▶ _Directions for this task_
Keep every word of the listing and drop the images when you write it out.

▶ _Supplied information_
- Opening Delimiter -

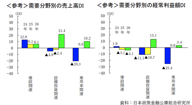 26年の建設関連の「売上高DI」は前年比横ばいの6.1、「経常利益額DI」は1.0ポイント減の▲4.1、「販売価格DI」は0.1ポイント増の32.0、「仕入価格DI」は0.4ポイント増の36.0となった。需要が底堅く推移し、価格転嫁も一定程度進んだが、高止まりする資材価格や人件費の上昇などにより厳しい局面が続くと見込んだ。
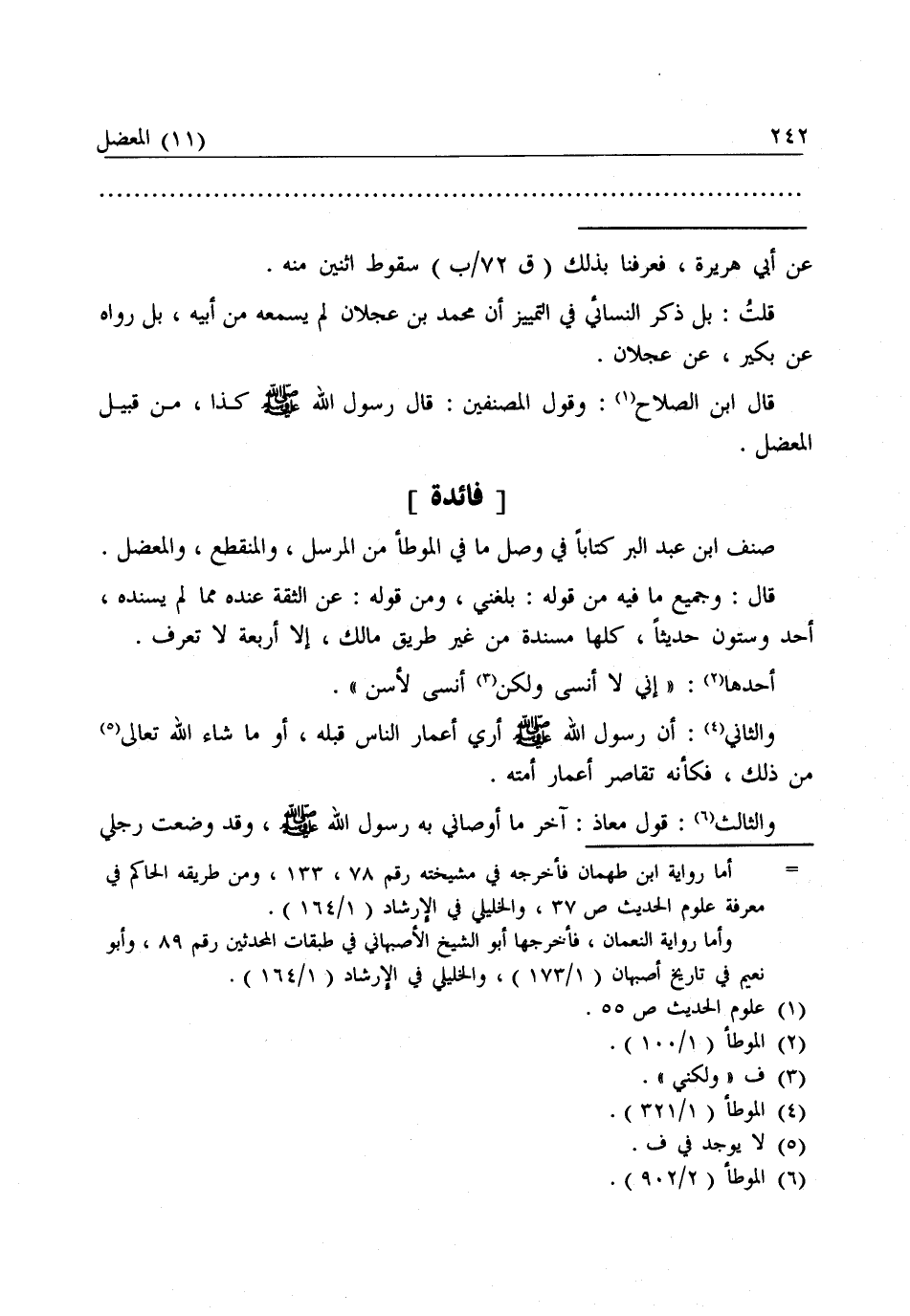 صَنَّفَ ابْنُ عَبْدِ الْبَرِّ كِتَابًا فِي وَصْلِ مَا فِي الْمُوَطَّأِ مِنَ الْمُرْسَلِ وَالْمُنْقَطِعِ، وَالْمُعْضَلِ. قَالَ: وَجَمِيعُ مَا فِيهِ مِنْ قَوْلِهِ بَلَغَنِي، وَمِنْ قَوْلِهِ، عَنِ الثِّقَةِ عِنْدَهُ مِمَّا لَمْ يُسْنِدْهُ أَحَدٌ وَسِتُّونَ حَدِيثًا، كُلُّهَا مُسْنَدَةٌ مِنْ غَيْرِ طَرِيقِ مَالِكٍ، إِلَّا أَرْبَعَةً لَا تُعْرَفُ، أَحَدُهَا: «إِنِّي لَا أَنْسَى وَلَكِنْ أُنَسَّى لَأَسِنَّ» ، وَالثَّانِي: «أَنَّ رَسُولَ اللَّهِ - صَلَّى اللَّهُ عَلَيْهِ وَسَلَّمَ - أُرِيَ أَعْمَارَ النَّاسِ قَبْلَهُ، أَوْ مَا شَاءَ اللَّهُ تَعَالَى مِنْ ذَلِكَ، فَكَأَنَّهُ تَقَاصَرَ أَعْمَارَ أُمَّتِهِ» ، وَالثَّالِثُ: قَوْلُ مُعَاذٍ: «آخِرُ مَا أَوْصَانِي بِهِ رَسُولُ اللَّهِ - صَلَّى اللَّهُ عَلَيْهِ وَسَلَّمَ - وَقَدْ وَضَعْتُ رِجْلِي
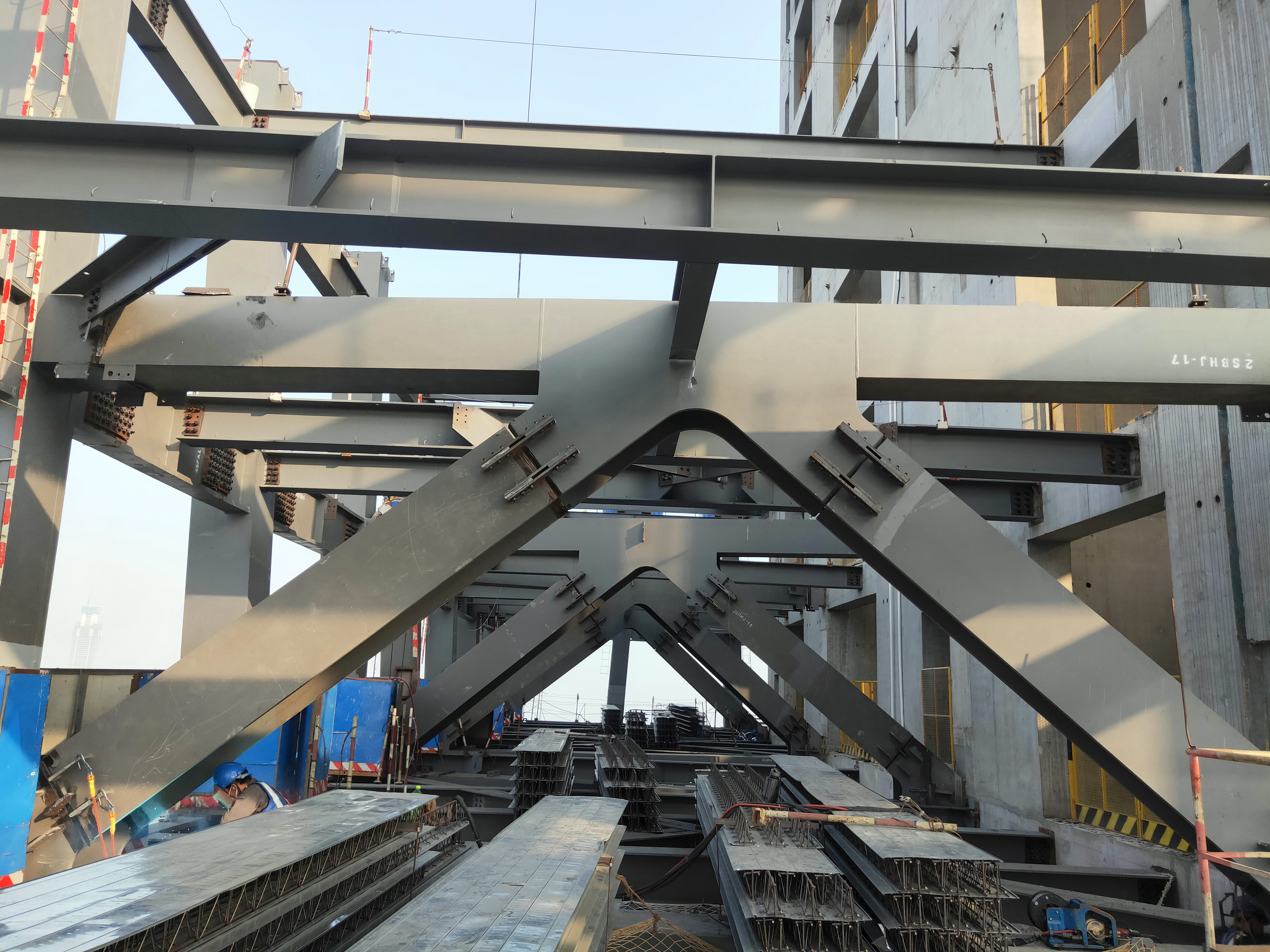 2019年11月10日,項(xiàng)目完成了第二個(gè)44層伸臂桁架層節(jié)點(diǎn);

- Closing Delimiter -

▶ _Worked solution_
 26年の建設関連の「売上高DI」は前年比横ばいの6.1、「経常利益額DI」は1.0ポイント減の▲4.1、「販売価格DI」は0.1ポイント増の32.0、「仕入価格DI」は0.4ポイント増の36.0となった。需要が底堅く推移し、価格転嫁も一定程度進んだが、高止まりする資材価格や人件費の上昇などにより厳しい局面が続くと見込んだ。
 صَنَّفَ ابْنُ عَبْدِ الْبَرِّ كِتَابًا فِي وَصْلِ مَا فِي الْمُوَطَّأِ مِنَ الْمُرْسَلِ وَالْمُنْقَطِعِ، وَالْمُعْضَلِ. قَالَ: وَجَمِيعُ مَا فِيهِ مِنْ قَوْلِهِ بَلَغَنِي، وَمِنْ قَوْلِهِ، عَنِ الثِّقَةِ عِنْدَهُ مِمَّا لَمْ يُسْنِدْهُ أَحَدٌ وَسِتُّونَ حَدِيثًا، كُلُّهَا مُسْنَدَةٌ مِنْ غَيْرِ طَرِيقِ مَالِكٍ، إِلَّا أَرْبَعَةً لَا تُعْرَفُ، أَحَدُهَا: «إِنِّي لَا أَنْسَى وَلَكِنْ أُنَسَّى لَأَسِنَّ» ، وَالثَّانِي: «أَنَّ رَسُولَ اللَّهِ - صَلَّى اللَّهُ عَلَيْهِ وَسَلَّمَ - أُرِيَ أَعْمَارَ النَّاسِ قَبْلَهُ، أَوْ مَا شَاءَ اللَّهُ تَعَالَى مِنْ ذَلِكَ، فَكَأَنَّهُ تَقَاصَرَ أَعْمَارَ أُمَّتِهِ» ، وَالثَّالِثُ: قَوْلُ مُعَاذٍ: «آخِرُ مَا أَوْصَانِي بِهِ رَسُولُ اللَّهِ - صَلَّى اللَّهُ عَلَيْهِ وَسَلَّمَ - وَقَدْ وَضَعْتُ رِجْلِي
 2019年11月10日,項(xiàng)目完成了第二個(gè)44層伸臂桁架層節(jié)點(diǎn);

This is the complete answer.